When you copy the listing, skip the images and return each line verbatim.

Segment Start: Material provided

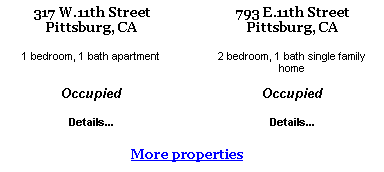MPD Enterprises owns and manages rental and investment properties throughout the San Francisco Bay Area and other areas of California.Property details and current occupancy statuses are shown below
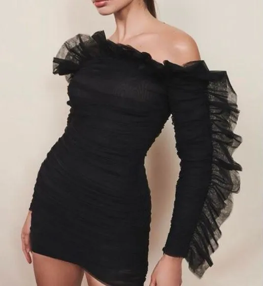 NWT Mimii London Black Ruffle Ruched Long Sleeve Dress Womens Size S - $57 New With Tags - From Stephanie
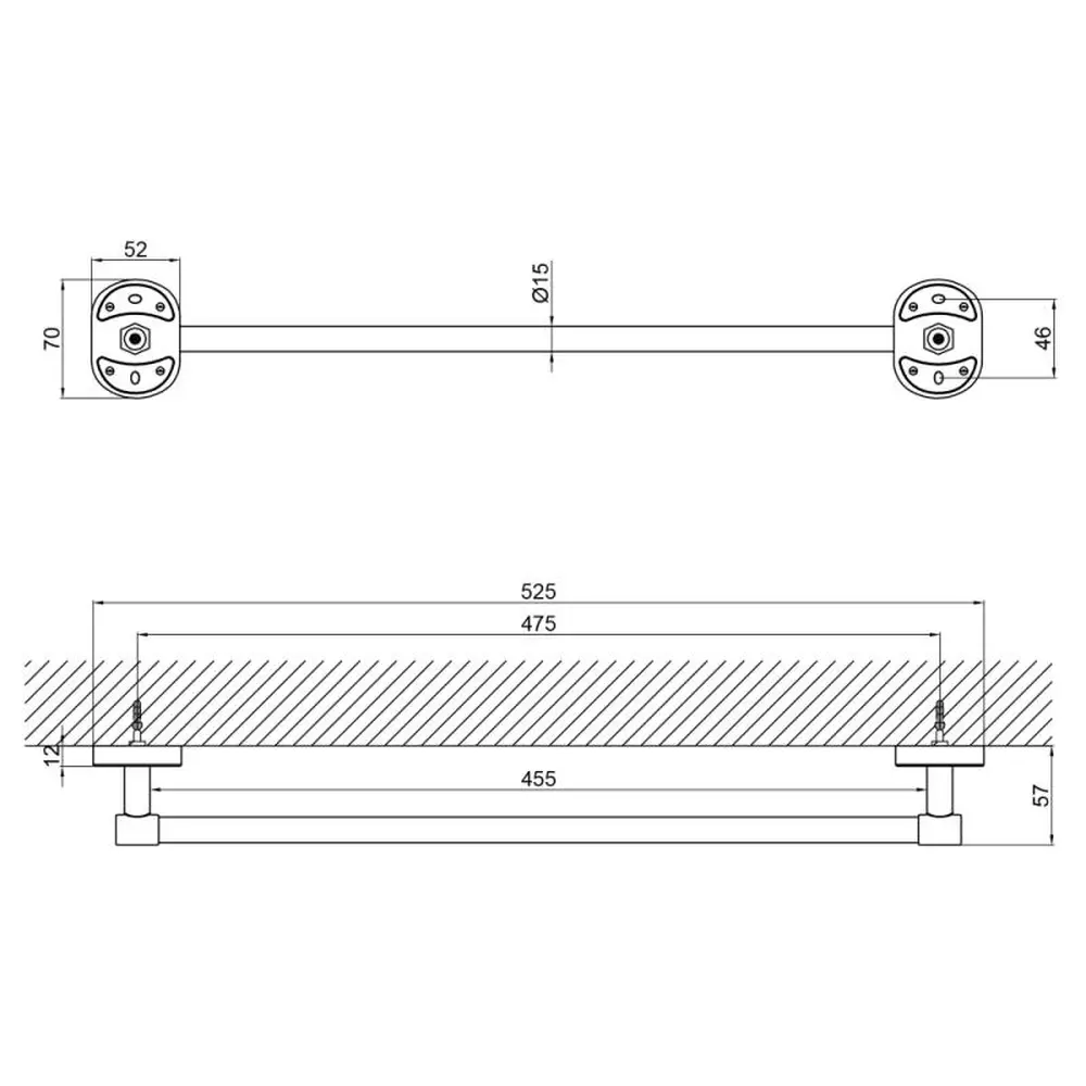 Тримач для рушників Lidz (CRM) 114.01.00 виготовлено з якісного металу з глянцевою хромованою поверхнею. Довжина виробу 525 мм, що дозволить повісити на просушку відразу два невеликих або один банний рушник. Завдяки лаконічній формі тримач не займе багато місця і стане стильним доповненням ванної кімнати.

Segment End: Material provided

### Result of this task:
MPD Enterprises owns and manages rental and investment properties throughout the San Francisco Bay Area and other areas of California.Property details and current occupancy statuses are shown below
 NWT Mimii London Black Ruffle Ruched Long Sleeve Dress Womens Size S - $57 New With Tags - From Stephanie
 Тримач для рушників Lidz (CRM) 114.01.00 виготовлено з якісного металу з глянцевою хромованою поверхнею. Довжина виробу 525 мм, що дозволить повісити на просушку відразу два невеликих або один банний рушник. Завдяки лаконічній формі тримач не займе багато місця і стане стильним доповненням ванної кімнати.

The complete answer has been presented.